Problem details
Which lines in the entries below contain the string "metal"? Show each of them in full.

Data for the task
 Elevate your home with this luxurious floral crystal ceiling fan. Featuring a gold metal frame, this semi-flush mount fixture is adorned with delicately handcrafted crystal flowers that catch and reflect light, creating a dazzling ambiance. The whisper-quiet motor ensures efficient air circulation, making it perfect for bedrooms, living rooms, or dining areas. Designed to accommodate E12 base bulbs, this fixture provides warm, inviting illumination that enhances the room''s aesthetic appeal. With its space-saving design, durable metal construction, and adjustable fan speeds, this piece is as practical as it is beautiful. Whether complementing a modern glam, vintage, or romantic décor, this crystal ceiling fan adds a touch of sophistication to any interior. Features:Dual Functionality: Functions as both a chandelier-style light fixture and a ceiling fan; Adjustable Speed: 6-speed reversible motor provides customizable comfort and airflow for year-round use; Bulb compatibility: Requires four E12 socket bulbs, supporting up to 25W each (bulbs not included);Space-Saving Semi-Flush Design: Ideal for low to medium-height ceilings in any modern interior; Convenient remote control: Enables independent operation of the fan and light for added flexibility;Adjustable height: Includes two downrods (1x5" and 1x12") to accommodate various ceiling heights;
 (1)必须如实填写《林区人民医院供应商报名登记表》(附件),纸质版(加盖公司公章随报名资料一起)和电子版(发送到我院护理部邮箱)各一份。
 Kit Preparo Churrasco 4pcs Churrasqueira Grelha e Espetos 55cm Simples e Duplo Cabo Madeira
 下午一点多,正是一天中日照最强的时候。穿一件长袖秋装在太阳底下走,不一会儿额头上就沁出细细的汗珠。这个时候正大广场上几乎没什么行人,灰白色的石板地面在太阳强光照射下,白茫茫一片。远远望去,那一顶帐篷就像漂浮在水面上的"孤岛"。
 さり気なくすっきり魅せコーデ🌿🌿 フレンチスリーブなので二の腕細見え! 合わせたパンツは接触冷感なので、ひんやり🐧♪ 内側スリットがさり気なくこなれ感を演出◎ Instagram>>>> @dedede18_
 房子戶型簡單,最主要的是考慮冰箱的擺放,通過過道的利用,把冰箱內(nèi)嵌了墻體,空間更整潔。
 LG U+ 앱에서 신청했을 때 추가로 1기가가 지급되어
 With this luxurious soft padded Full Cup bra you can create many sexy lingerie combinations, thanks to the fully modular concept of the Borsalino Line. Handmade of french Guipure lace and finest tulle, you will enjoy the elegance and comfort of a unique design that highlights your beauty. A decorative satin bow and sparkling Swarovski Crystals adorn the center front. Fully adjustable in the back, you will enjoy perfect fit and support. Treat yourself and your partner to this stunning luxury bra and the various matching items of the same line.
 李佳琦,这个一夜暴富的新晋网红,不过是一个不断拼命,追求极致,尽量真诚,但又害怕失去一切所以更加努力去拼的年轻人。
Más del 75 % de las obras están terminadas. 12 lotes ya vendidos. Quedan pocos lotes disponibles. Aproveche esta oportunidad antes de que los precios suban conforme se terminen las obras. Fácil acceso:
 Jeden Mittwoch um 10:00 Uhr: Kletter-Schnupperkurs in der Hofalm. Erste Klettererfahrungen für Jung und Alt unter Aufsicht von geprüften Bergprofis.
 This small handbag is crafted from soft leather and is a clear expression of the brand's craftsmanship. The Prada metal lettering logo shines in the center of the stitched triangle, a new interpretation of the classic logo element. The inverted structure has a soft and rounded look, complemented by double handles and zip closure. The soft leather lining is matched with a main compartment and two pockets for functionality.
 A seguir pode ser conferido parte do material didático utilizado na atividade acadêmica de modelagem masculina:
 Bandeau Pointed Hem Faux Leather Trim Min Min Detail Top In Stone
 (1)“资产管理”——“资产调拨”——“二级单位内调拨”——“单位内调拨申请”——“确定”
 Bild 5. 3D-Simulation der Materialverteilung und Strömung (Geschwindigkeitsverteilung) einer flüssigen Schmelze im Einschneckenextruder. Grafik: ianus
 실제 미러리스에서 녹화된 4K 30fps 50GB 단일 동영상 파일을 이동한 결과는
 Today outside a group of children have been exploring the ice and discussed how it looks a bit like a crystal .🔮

Solved exercise
 Elevate your home with this luxurious floral crystal ceiling fan. Featuring a gold metal frame, this semi-flush mount fixture is adorned with delicately handcrafted crystal flowers that catch and reflect light, creating a dazzling ambiance. The whisper-quiet motor ensures efficient air circulation, making it perfect for bedrooms, living rooms, or dining areas. Designed to accommodate E12 base bulbs, this fixture provides warm, inviting illumination that enhances the room''s aesthetic appeal. With its space-saving design, durable metal construction, and adjustable fan speeds, this piece is as practical as it is beautiful. Whether complementing a modern glam, vintage, or romantic décor, this crystal ceiling fan adds a touch of sophistication to any interior. Features:Dual Functionality: Functions as both a chandelier-style light fixture and a ceiling fan; Adjustable Speed: 6-speed reversible motor provides customizable comfort and airflow for year-round use; Bulb compatibility: Requires four E12 socket bulbs, supporting up to 25W each (bulbs not included);Space-Saving Semi-Flush Design: Ideal for low to medium-height ceilings in any modern interior; Convenient remote control: Enables independent operation of the fan and light for added flexibility;Adjustable height: Includes two downrods (1x5" and 1x12") to accommodate various ceiling heights;
 This small handbag is crafted from soft leather and is a clear expression of the brand's craftsmanship. The Prada metal lettering logo shines in the center of the stitched triangle, a new interpretation of the classic logo element. The inverted structure has a soft and rounded look, complemented by double handles and zip closure. The soft leather lining is matched with a main compartment and two pockets for functionality.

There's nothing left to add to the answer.